Back to work, back home, back to “normal.” I think I’m ok most of the time and then see some evidence that I’m experiencing a new ok. Every morning now my meditation includes weeping. My drive to work is so difficult because I that is when I called my sister. Not that I called every single day, but I knew I could if I wanted. Now I can’t.
There is no one who has as much faith in me as my sister had. No one who will encourage me and mostly always be on my side the way she was. She had a huge role in my life. I don’t think I realized how huge it was until it became a gaping hole.
This morning I got almost all the way to work before I realized I left my garden’s drip irrigation system running.
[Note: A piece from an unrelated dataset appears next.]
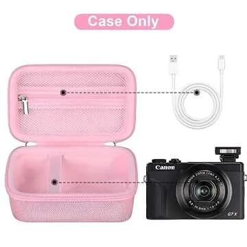 Canboc Hard Case for Canon PowerShot G7X Mark II/III / G5 X Mark II Digital Camera, Mesh Bag fit Battery, Charger, USB Cable, Pink

It is a 32 mile ride which takes over an hour so going back home seemed insane. I will go at lunch time and thankfully this afternoon I have a meeting that is about half the distance. I hope I haven’t flooded my yard and that my water bill won’t be huge. I called the water company and they said I ought to be ok as long as it’s not much more than 4 hours.
Here’s what I’m grateful for:
- A job that’s just the right amount of challenging for my current brain power
- Friends who have been so supportive
- The summer season and all the flowers, fruits, and vegetables
- A good new doctor who is a practitioner of functional medicine and has me on NO medication at all
- My home, be it ever so humble….
For these and all the other blessings in my life Thank You God.